I made the ‘explanatory notes’ a dotted orange line rather than blue and I removed the OpenLayers blue dot and link from the facsimile view to reduce confusion.  In the ‘create your own view’ facility I made it so that if you select ‘original text’ this automatically selects all of the options within it.  If you deselect ‘original text’ the options within are all deselected.  If ‘Edited text’ is not selected when you do this then it becomes selected.  If ‘Original text’ is deselected and you deselect ‘Edited text’ then ‘Original text’ and the options within all become selected.  This should hopefully make it more difficult to create a view of the text that doesn’t make sense.

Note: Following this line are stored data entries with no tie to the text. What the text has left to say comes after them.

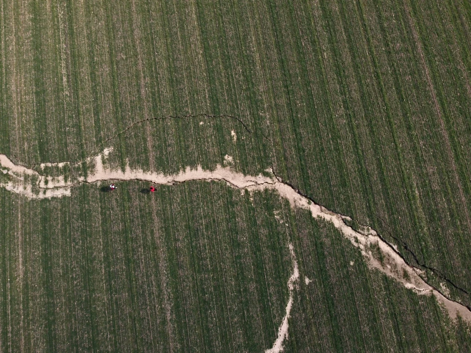 Snimak dronom od 10. februara pokazala je pukotine koje su presekle maslinik u selu.
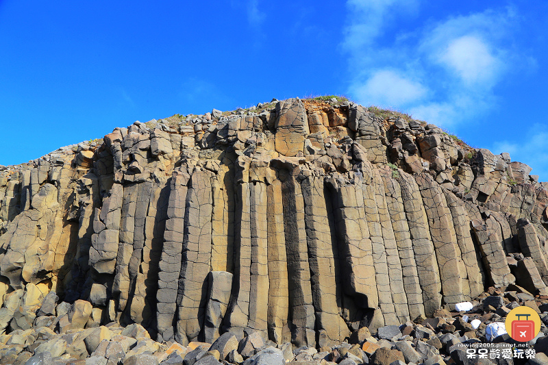 站在直立玄武岩下方,整個人都覺得渺小了許多,下方的石頭一定要小心踩踏,因為有些石頭沒麼穩固喔。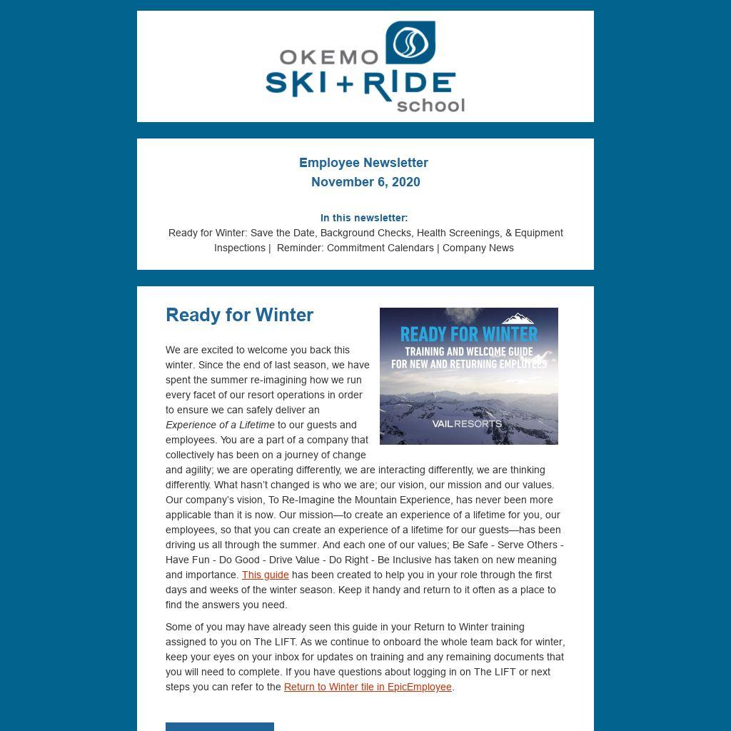 In this newsletter: Ready for Winter: Save the Date, Background Checks, Health Screenings, & Equipment Inspections | Reminder: Commitment Calendars | Company News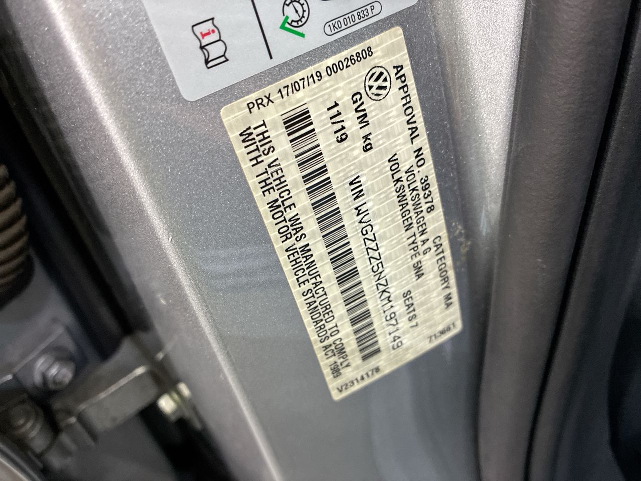 • VIN: WVGZZZ5NZKM197149

I also added in some new interpretations to the first handwritten note, as this is still rather undecipherable.  I created new pages for the ‘further information’, ‘how to use’ and ‘bibliography’.  These are linked to from the navigation bar of the pages of the manuscript, in addition to being linked to from the index page text.  A link appears allowing you to return to the page you were looking at if you access one of these pages from a manuscript page.  I think the digital edition is looking rather good now, and it was good to get the work on this completed before my holiday.  I can’t share the URL yet as we’re still waiting on some web space for the resource at The KEEP archives.  Hopefully this will happen by the end of July.

I will be on holiday for the next two weeks now so no further updates from me until later on in the summer.


Week Beginning 19th June 2017

I decided this week to devote some time to redevelop the Thesaurus of Old English, to bring it into line with the work I’ve been doing to redevelop the main Historical Thesaurus website.  I had thought I wouldn’t have time to do this before next week’s ‘Kay Day’ event but I decided that it would be better to tackle the redevelopment whilst the changes I’d made for the main site were still fresh in my mind, rather than coming back to it in possibly a few months’ time, having forgotten how I implemented the tree browse and things like that.  It actually took me less time than I had anticipated to get the new version up and running, and by the end of Tuesday I had a new version in place that was structurally similar to the new HT site.  We will hopefully be able to launch this alongside the new HT site towards the end of next week.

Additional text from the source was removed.